Australian boxer (born 1998)

Sam Goodman (born 10 October 1998) is an Australian professional boxer. He has held the IBF interim super bantamweight. He challenged for the WBA featherweight title in August 2025.

==Early life==
Hailing from Albion Park, New South Wales, Australia, Goodman was born on 10 October 1998. At the age of 10 years old, Goodman injured his arm while playing rugby league. His father, a former rugby player, advised Sam to try boxing.
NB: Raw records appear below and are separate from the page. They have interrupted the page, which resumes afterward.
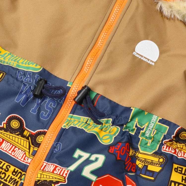 今年もスノーコンビ・ジャンプスーツ・カバーオール・スキーウェア・つなぎを入荷しました♪雪遊びにもおすすめ!!身頃裏地はあったかフリース素材になっています☆足部分は二重構造になっているので、ナイロン部分を中に入れてスノーブーツを履いて、スノーブーツの上から被せると足元から雪が入りにくい!洋服の上から着ることを考え、大き目に作られているので、ジャストサイズをお勧めします。別売りですが、同柄で脚絆、足カバー(M53882)やスノーグローブ、手袋(M53880)もあるので、更なる防寒も可能です!表は耐水圧2000mmの防水加工です!(完全防水ではありません。撥水スプレーとの併用がオススメです。)男の子に人気の働く車にロゴの総柄デザイン。フードには耳付きで可愛い!【アイテム】 カジュアル お洒落 オシャレ かっこいい かわいい 可愛い 普段着 デイリーウェア お出かけ着 ロングスリーブ 長袖 アウター ブルゾン ジャンパー コート ジップアップ フロントジップ 子ども こども 男児 男の子 ボーイズ キッズ ベビーサイズ トドラーサイズ 幼稚園 保育園 小学校 通園 通学 小学生 2024年秋冬物新作 丸高衣料 ネイビー 紺色 カーキグリーン 深緑色 スキー スノーボード ムージョンジョン 工事車両 建機 ブルドーザー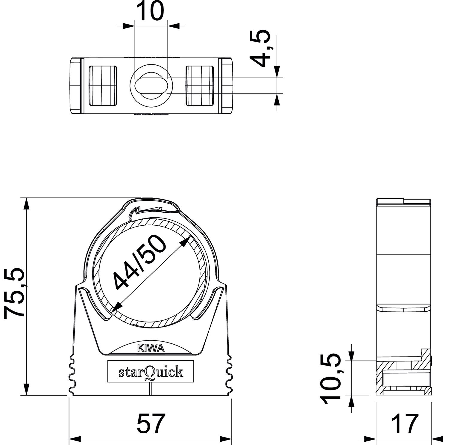 Agrupável sim Carga de rutura 1,2 kN Com depósito não Cor cinzento claro; RAL 7035 Dimensão 44-50mm Fechado sim Intervalo de aperto D máx. 50 mm Intervalo de aperto D mín. 44 mm Livre de halogéneos sim Material Poliamida Medida A 57 mm Medida B 17 mm Medida E 10 mm Medida F 4,5 mm Medida H 75,5 mm Medida h 10,5 mm Número de cabos/tubos 1 resistência ao fio incandescente conforme a VDE 0471/DIN 695 Parte 2-1, temperatura de ensaio 650 °C Resistente à radiação UV sim Tamanho nominal/Texto 45-50 Tipo de fixação Orifício roscado - Todos os tipos
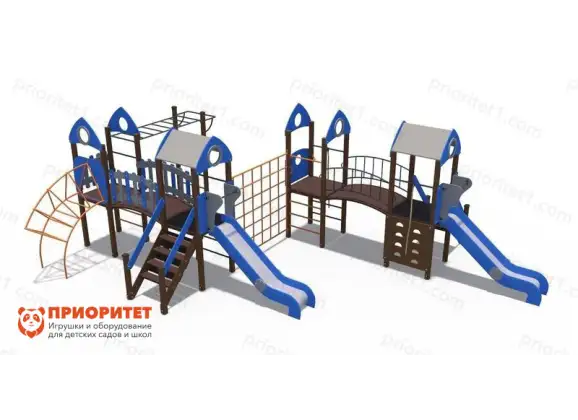 Такой игровой комплекс «Космический» понравится всем без исключения! Он способствует развитию и укреплению здоровья, мышечного тонуса, координации движений и др. Удобные лестницы, перекладины сделают конструкцию надежной, и дети без труда смогут забираться наверх без дополнительной помощи.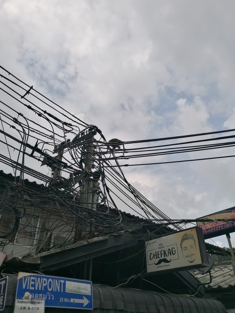 Dabei fällt mir ein ungewöhnlicher Anblick ins Auge, der hier wohl ein sehr gewohnter Anblick ist. Das was ich sehe, gibt es in Deutschland schon auch… nur sind da meistens Vögel auf der Leitung.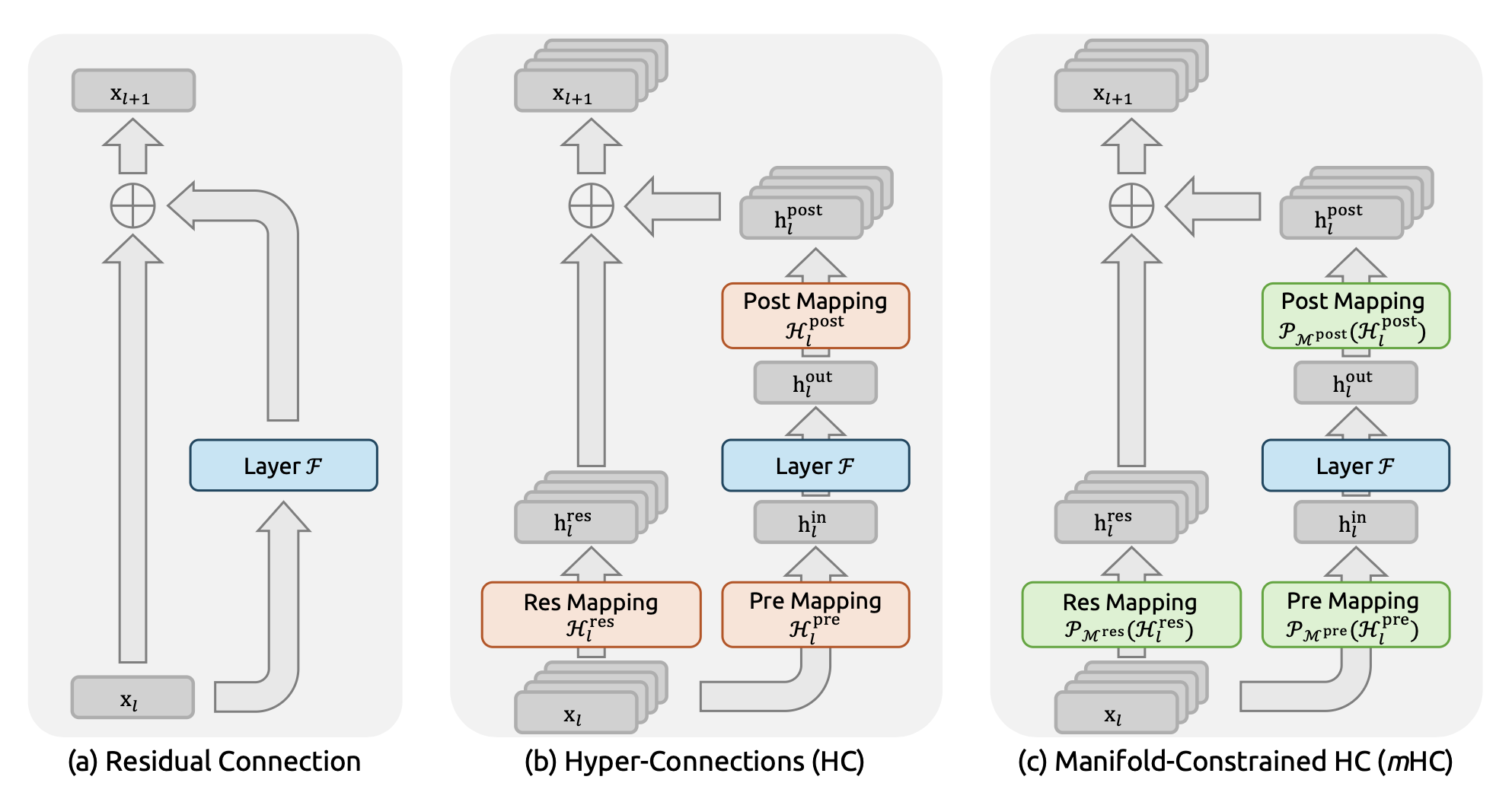 残差连接,这个从 2015 年 ResNet 开始统治深度学习界的基础范式,十年了,就没人敢动它。结果 DeepSeek 直接上手了——基于字节跳动 2024 年提出的 Hyper-Connections (HC) 思路,搞出了一个“流形约束版” mHC。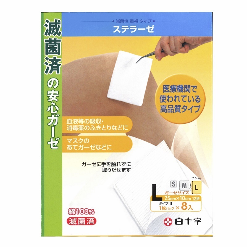 白十字 FCステラーゼL 8枚入 滅菌済 7.5×10 医療ガーゼタイプIII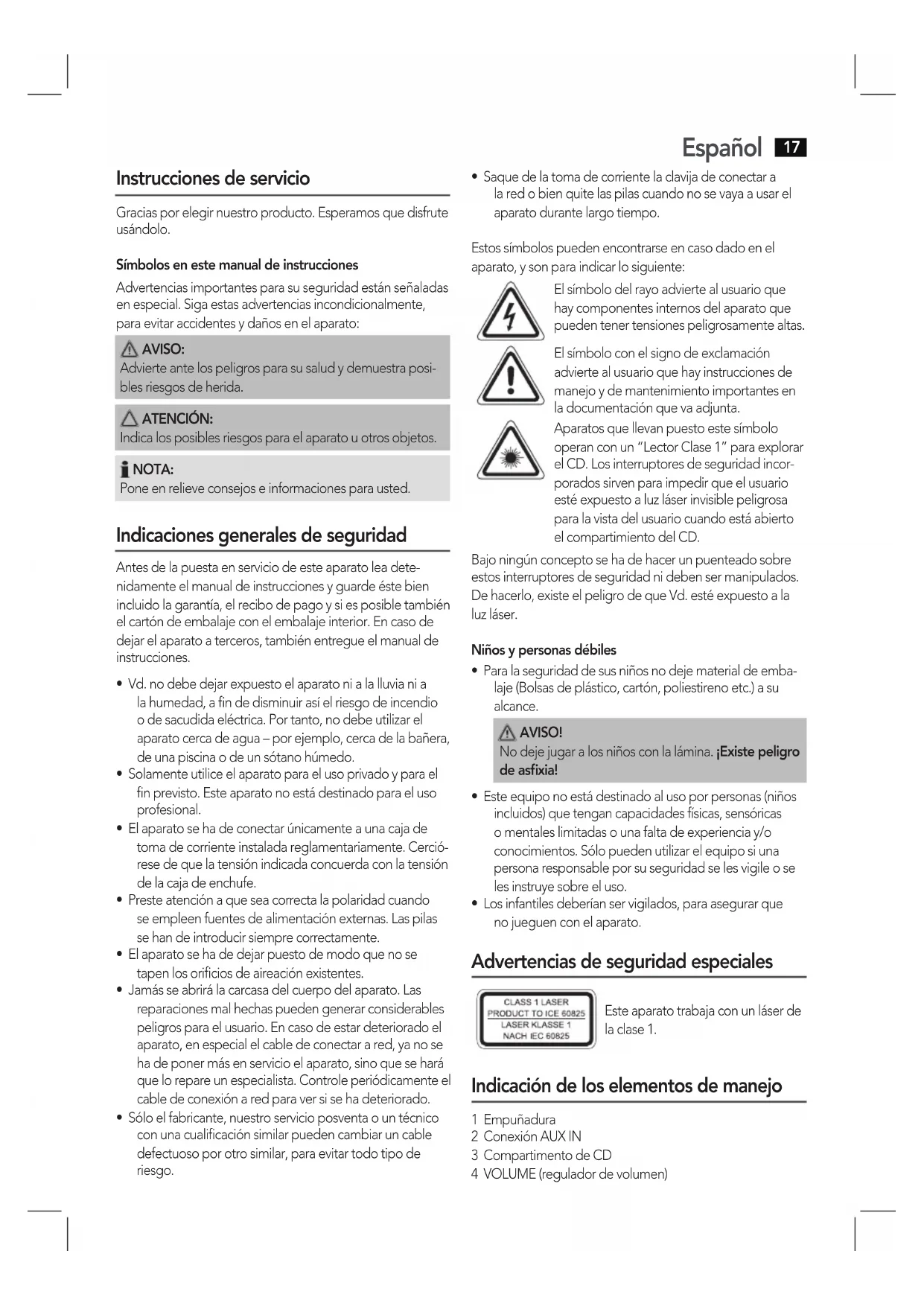 Instrucciones de servicio. Página 17

He has listed Mike Tyson and Roy Jones Jr. as his early boxing heroes, however, that would change as he got older, and he became more fond of Vasiliy Lomachenko and Oleksandr Usyk.

==Amateur career==
Goodman started his amateur career after his father suggested to go to the local PCYC Sutherland Club, he didn't thrive immediately, even admitting that he used to cry at every loss, but it didn't take him long to catch up, he also fought every week since he started amateur boxing, at the age of 12, Goodman won his first National title and took part in 100 fights in the unpaid ranks, he would peak in amateur career in 2017 world championships which he prevailed at, however he always preferred longer fights; "proper battles" as he called them, which is one reason he went professional in 2018. Goodman also wanted to represent Australia in the 2020 Summer Olympics, but it wasn't meant to be. As per BoxRec, Goodman won the Australian National Championships at "Schoolboy" age on 2012, he participated in the 2013 and 2014 National Championships Junior but would fall short at the semi-finals, on 2015 he participated in the Youth National Championships but would fail again at the semi-finals but would win a bronze medal in the 2016 version, he won the Association Internationale de Boxe Amateur (AIBA) 2016 world championships and the 2017 Oceanian championships.

==Professional career==
===Early career===
====Debut====
Goodman stood at the super-bantamweight division and made his debut match against Thai veteran, Worawatchai Boonjan on 13 April 2018, by that time, Thai had composed a record of 11–12–1, which would be a challenge for a debutant, Goodman won via 2nd round technical knockout.

On 16 June 2021, Goodman successfully stopped Regional challenger Nort Beauchamp for the Australian Featherweight title, he would have a new record of nine wins, no losses and five knockouts, with wins against veterans and fellow newcomer boxers, and one of those victory is against olympian Simplice Fotsala.

===Rise up the ranks===
====Goodman vs. Mepranum====
On 22 December 2021, a match between Goodman and three-time world challenger Richie Mepranum for the vacant WBO Oriental super bantamweight title took place at The Star, Sydney. Goodman won via 6th round stoppage after Mepranum received an arm injury, therefore, Goodman is the new WBO Oriental champion.

====Goodman vs. Fuse====
Goodman defended his WBO Oriental title against Japanese Fumiya Fuse for the vacant IBF Inter-continental super-bantamweight title, winning via unanimous decision.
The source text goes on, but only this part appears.